• _Dataset excerpt_:
◆ ◆ ◆ ◆ ◆
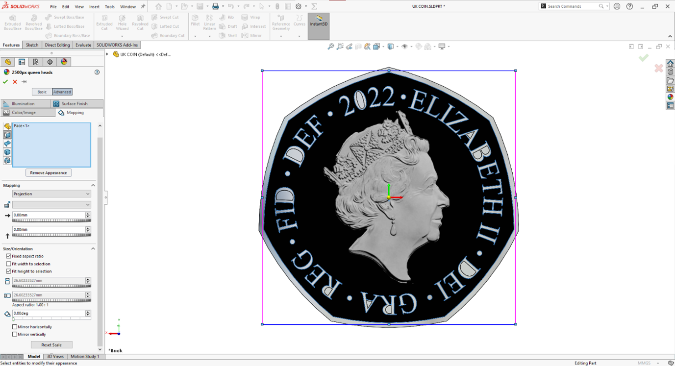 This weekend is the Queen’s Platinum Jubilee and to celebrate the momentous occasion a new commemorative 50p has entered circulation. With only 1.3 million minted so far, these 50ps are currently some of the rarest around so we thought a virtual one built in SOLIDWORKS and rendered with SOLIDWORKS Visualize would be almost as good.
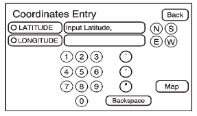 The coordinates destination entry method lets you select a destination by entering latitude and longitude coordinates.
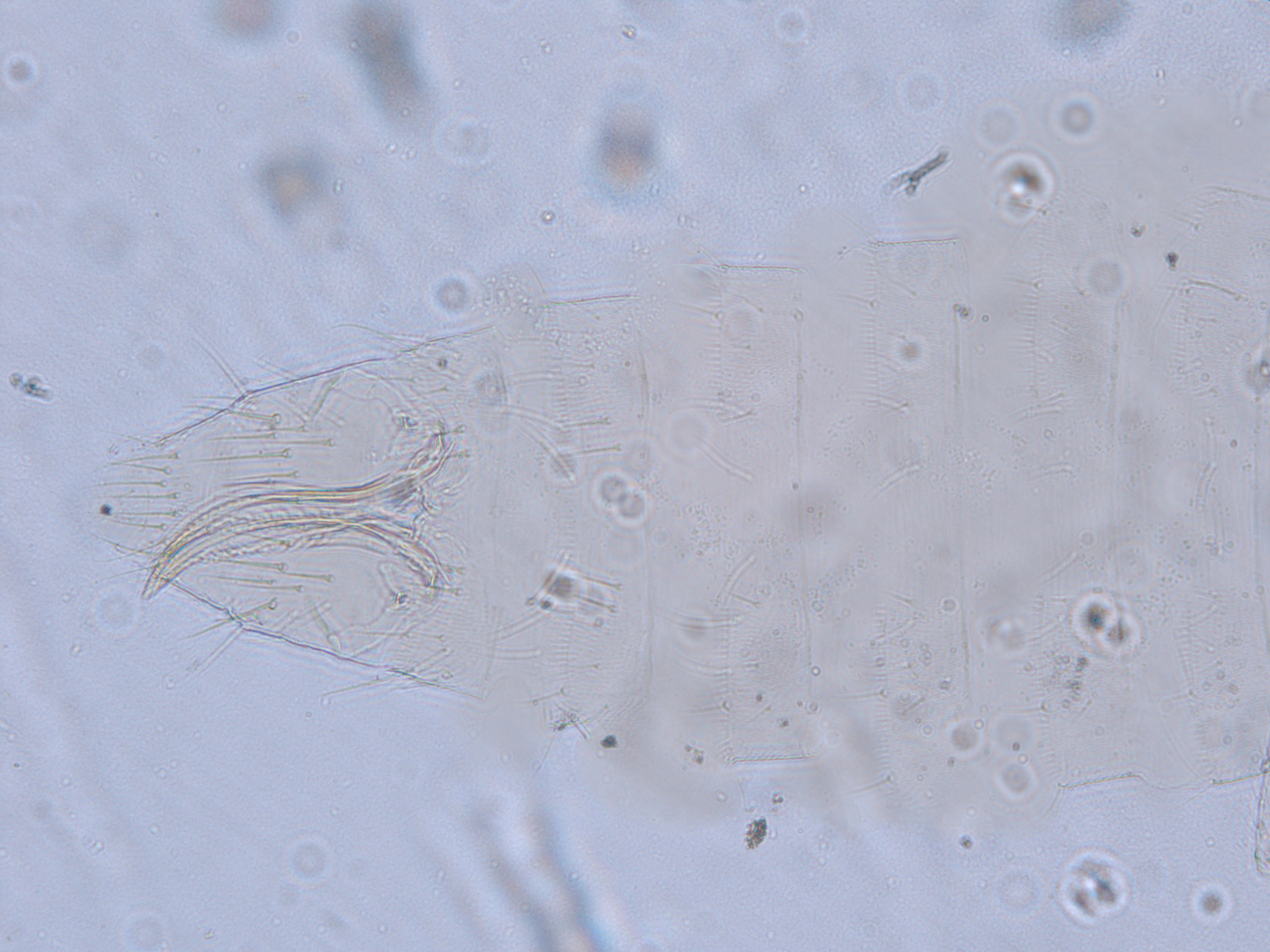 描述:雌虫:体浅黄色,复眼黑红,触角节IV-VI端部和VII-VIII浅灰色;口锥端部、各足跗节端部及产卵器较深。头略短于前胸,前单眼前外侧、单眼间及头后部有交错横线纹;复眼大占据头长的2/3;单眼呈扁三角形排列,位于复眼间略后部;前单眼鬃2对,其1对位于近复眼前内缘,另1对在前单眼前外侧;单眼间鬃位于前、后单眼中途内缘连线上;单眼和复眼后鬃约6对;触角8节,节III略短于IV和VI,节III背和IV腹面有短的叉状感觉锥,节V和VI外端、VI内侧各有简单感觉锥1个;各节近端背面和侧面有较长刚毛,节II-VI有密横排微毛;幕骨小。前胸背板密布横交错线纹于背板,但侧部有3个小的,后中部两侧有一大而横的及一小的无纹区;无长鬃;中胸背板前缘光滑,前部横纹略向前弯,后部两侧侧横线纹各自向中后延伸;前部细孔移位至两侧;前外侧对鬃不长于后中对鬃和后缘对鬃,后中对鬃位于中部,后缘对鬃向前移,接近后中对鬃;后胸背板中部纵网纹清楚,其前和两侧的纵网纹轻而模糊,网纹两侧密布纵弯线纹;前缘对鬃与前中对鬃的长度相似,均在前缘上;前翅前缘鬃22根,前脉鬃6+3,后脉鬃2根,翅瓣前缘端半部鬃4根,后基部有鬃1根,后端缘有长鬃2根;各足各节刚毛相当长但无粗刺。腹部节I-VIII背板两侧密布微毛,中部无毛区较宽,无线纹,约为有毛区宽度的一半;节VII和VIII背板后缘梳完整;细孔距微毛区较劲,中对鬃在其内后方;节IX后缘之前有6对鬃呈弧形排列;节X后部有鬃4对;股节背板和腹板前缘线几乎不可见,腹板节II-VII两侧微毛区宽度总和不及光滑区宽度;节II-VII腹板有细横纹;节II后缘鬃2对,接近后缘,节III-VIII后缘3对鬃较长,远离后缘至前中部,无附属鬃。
◆ ◆ ◆ ◆ ◆
• _Task to complete_: Restating the data word for word is the task, and pictures are to be omitted.

• _Exercise solution_:
 This weekend is the Queen’s Platinum Jubilee and to celebrate the momentous occasion a new commemorative 50p has entered circulation. With only 1.3 million minted so far, these 50ps are currently some of the rarest around so we thought a virtual one built in SOLIDWORKS and rendered with SOLIDWORKS Visualize would be almost as good.
 The coordinates destination entry method lets you select a destination by entering latitude and longitude coordinates.
 描述:雌虫:体浅黄色,复眼黑红,触角节IV-VI端部和VII-VIII浅灰色;口锥端部、各足跗节端部及产卵器较深。头略短于前胸,前单眼前外侧、单眼间及头后部有交错横线纹;复眼大占据头长的2/3;单眼呈扁三角形排列,位于复眼间略后部;前单眼鬃2对,其1对位于近复眼前内缘,另1对在前单眼前外侧;单眼间鬃位于前、后单眼中途内缘连线上;单眼和复眼后鬃约6对;触角8节,节III略短于IV和VI,节III背和IV腹面有短的叉状感觉锥,节V和VI外端、VI内侧各有简单感觉锥1个;各节近端背面和侧面有较长刚毛,节II-VI有密横排微毛;幕骨小。前胸背板密布横交错线纹于背板,但侧部有3个小的,后中部两侧有一大而横的及一小的无纹区;无长鬃;中胸背板前缘光滑,前部横纹略向前弯,后部两侧侧横线纹各自向中后延伸;前部细孔移位至两侧;前外侧对鬃不长于后中对鬃和后缘对鬃,后中对鬃位于中部,后缘对鬃向前移,接近后中对鬃;后胸背板中部纵网纹清楚,其前和两侧的纵网纹轻而模糊,网纹两侧密布纵弯线纹;前缘对鬃与前中对鬃的长度相似,均在前缘上;前翅前缘鬃22根,前脉鬃6+3,后脉鬃2根,翅瓣前缘端半部鬃4根,后基部有鬃1根,后端缘有长鬃2根;各足各节刚毛相当长但无粗刺。腹部节I-VIII背板两侧密布微毛,中部无毛区较宽,无线纹,约为有毛区宽度的一半;节VII和VIII背板后缘梳完整;细孔距微毛区较劲,中对鬃在其内后方;节IX后缘之前有6对鬃呈弧形排列;节X后部有鬃4对;股节背板和腹板前缘线几乎不可见,腹板节II-VII两侧微毛区宽度总和不及光滑区宽度;节II-VII腹板有细横纹;节II后缘鬃2对,接近后缘,节III-VIII后缘3对鬃较长,远离后缘至前中部,无附属鬃。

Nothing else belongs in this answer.